# 1. Matrix Multiplication with NumPy
Matrix operations can be signifincatly faster with NumPy due to its optimized C backend.

Why NumPy

- Uses vectorized operations instead of Python loops.
- Efficient memory management.
- Parallel computation under the hood (uses BLAS libraries).

In [1]:
import numpy as np
import time 

# Generate large random matrices
size = 1000
A = np.random.rand(size, size)
B = np.random.rand(size, size)

# Perform matrix multiplication 
start_time = time.time()
C = np.dot(A, B) # Optimized with NumPy
end_time = time.time()

print(f'Matrix multiplication took {end_time - start_time:.2f} seconds.')

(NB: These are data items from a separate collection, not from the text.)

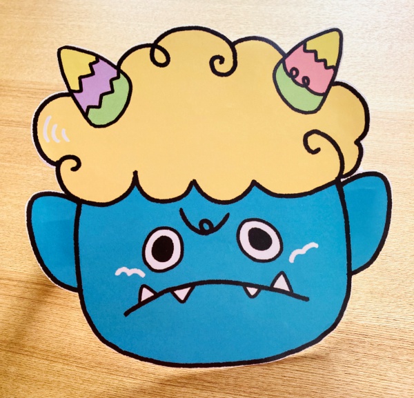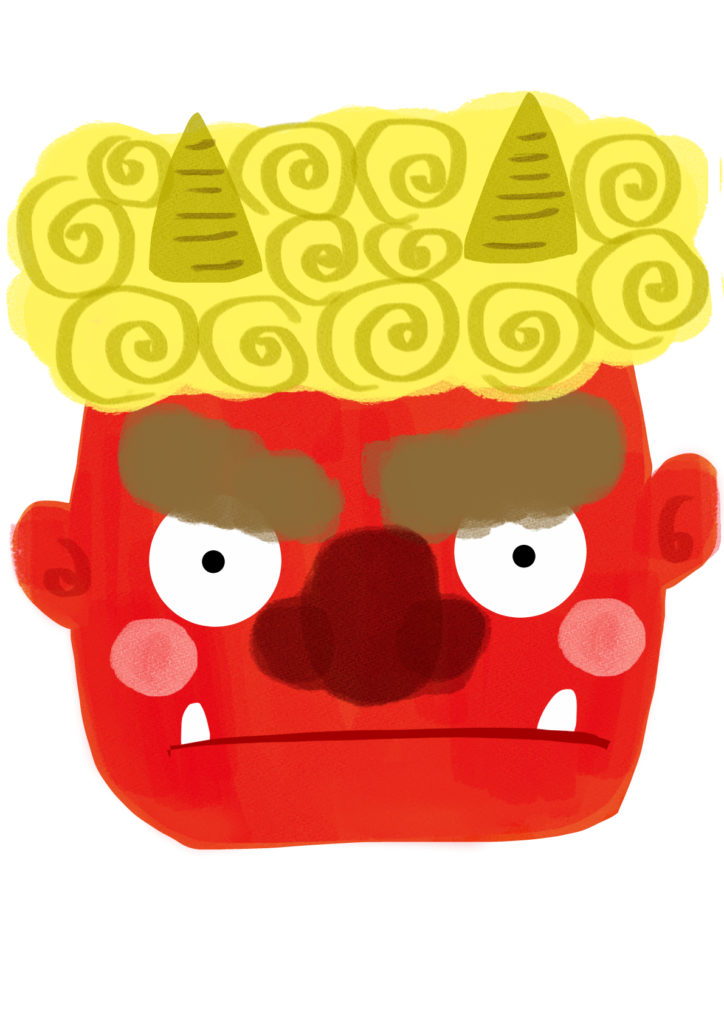 『かわいい鬼のお面イラスト無料ダウンロード配布』手作りOK!こどもが泣かない優しいイラストを描いてもらったよ
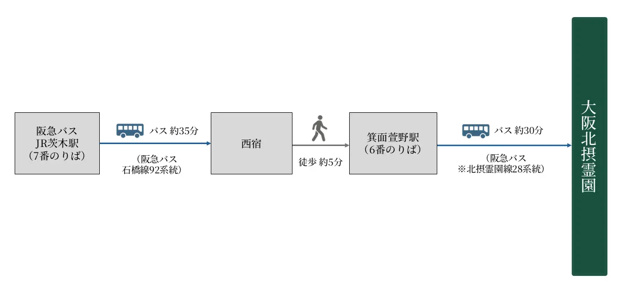 (北摂霊園線28系統/6番のりば):約30分 - 料金の目安:約920円
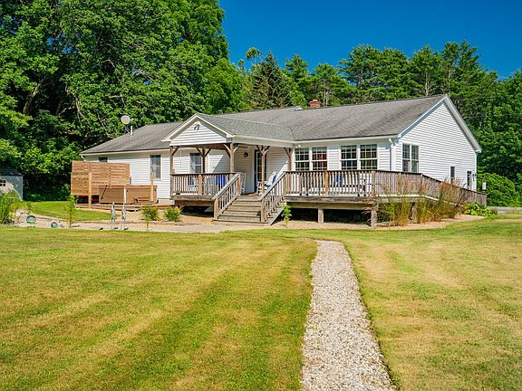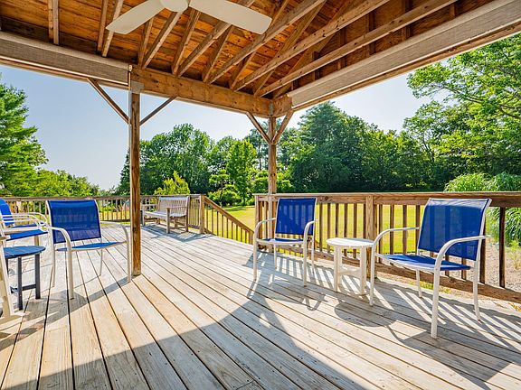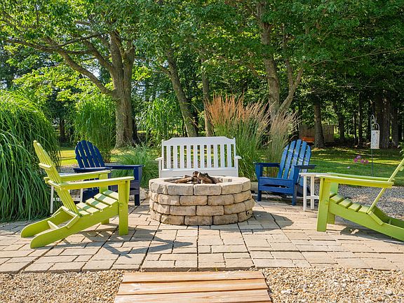 The kitchen has 2 large pantries and opens to a nice size dining area that overlooks the wonderful yard. There also is a large partially covered porch and deck. There are 3 bedrooms, the primary has its own newer bathroom. You will enjoy snuggling up the custom gas firepit in the backyard, perfect for outdoor entertaining. There is a oversized 2 car garage as well as a storage shed. Large unfinished basement and updated heating system plus 2 heat pumps. Home has been used as a 3 bedroom, the HHE-200 from 1987 shows a 2-bedroom septic.
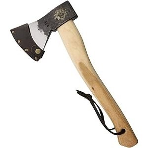 Don’t underestimate this little axe. The Hudson Bay’s slim profile and 21-inch handle keep the overall weight down. But don’t let its size fool you – the forged 1080 carbon steel head packs a serious punch. It can handle everything from chopping kindling to taking down small trees with surprising ease.
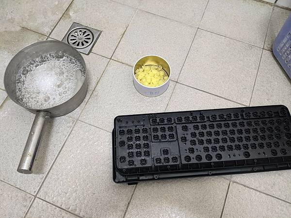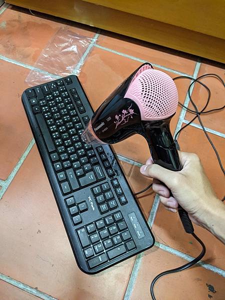 滿滿的奶茶從鍵盤縫隙裡面被洗出來...,洗完拿去外面曬太陽或者用吹風機吹乾(示意圖)
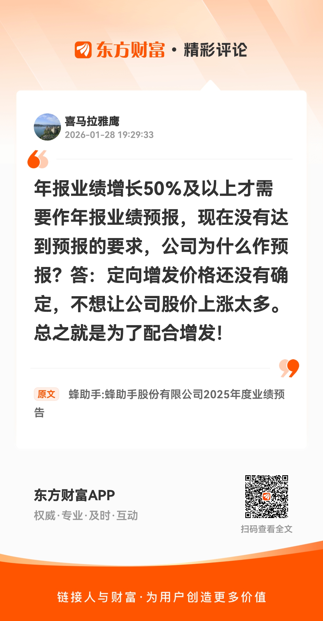 年报业绩增长50%及以上才需要作年报业绩预报,现在没有达到预报的要求,公司为什么作预报?答:定向增发价格还没有确定,不想让公司股价上涨太多。总之就是为了配合增发! 我在《蜂助手:蜂助手股份有限公司2025年度业绩预告》的评论获得了大家的关注。

Matrix multiplication took 0.01 seconds.


# 2. Parallel Processing with concurrent.futures
Suppose you want to process a large dataset by applying a computationally expensive function to each chunk. parallelism can help.

Why Parallelism?
- Utilizes multiple CPU cores for faster processing.
- Suitable for tasks that are CPU-bound

In [1]:
import concurrent.futures
import numpy as np
import time
from my_functions import expensive_function

if __name__ == '__main__':
    # Generate a large dataset
    data = np.random.rand(10_000_000)

    # Split data into chunks
    num_chunks = 8
    chunk_size = len(data) // num_chunks
    chunks = [data[i * chunk_size:(1+i) * chunk_size] for i in range(num_chunks)]

    # Sequential processing 
    start_time = time.time()
    results = [expensive_function(chunk) for chunk in chunks]
    sequential_time = time.time()-start_time
    print(f'Sequential processing took {sequential_time:.2f} seconds.')

    # Parallel processing
    start_time = time.time()
    with concurrent.futures.ProcessPoolExecutor() as executor:
        results_parallel = list(executor.map(expensive_function, chunks))
    parallel_time = time.time() - start_time
    print(f'Parallel processing took {parallel_time:.2f} seconds.')
    

Sequential processing took 0.31 seconds.
Parallel processing took 0.37 seconds.


# 3. Combining NumPy and Parallelism
Optimize both the computation and execution by using NumPy for vectorized operations and concurrent.futures for multitasking

In [3]:
import numpy as np 
import concurrent.futures
import time

from my_functions import process_chunk

if __name__ == '__main__':
    # Generate a large dataset
    data = np.random.rand(10_000_000)

    # Split data into chunks
    num_chunks = 8
    chunk_size = len(data) // num_chunks
    chunks = [data[i * chunk_size:(i+1) * chunk_size] for i in range(num_chunks)]

    # Parallel processing with NumPy
    start_time = time.time()
    with concurrent.futures.ProcessPoolExecutor() as excutor:
        results = list(excutor.map(process_chunk, chunks))
    parallel_time = time.time() - start_time

    print(f'Parallel processing with NumPy took {parallel_time:.2f} seconds.')

Parallel processing with NumPy took 0.22 seconds.


# 4. Efficient Data Aggregation with NumPy
Compute the sum of squares for a large dataset efficiently.

Why use NumPy here?
- Eliminates the need for loops in python.
- Minimizes overhead and maximizes memory locality.

In [4]:
import numpy as np
import time

# Generate a large dataset
data = np.random.rand(100_000_000)

# Efficient computation with NumPy
start_time = time.time()
result = np.sum(data ** 2)
end_time = time.time()

print(f'Sum of squares computed in {end_time - start_time:.2f} seconds.')

Sum of squares computed in 0.54 seconds.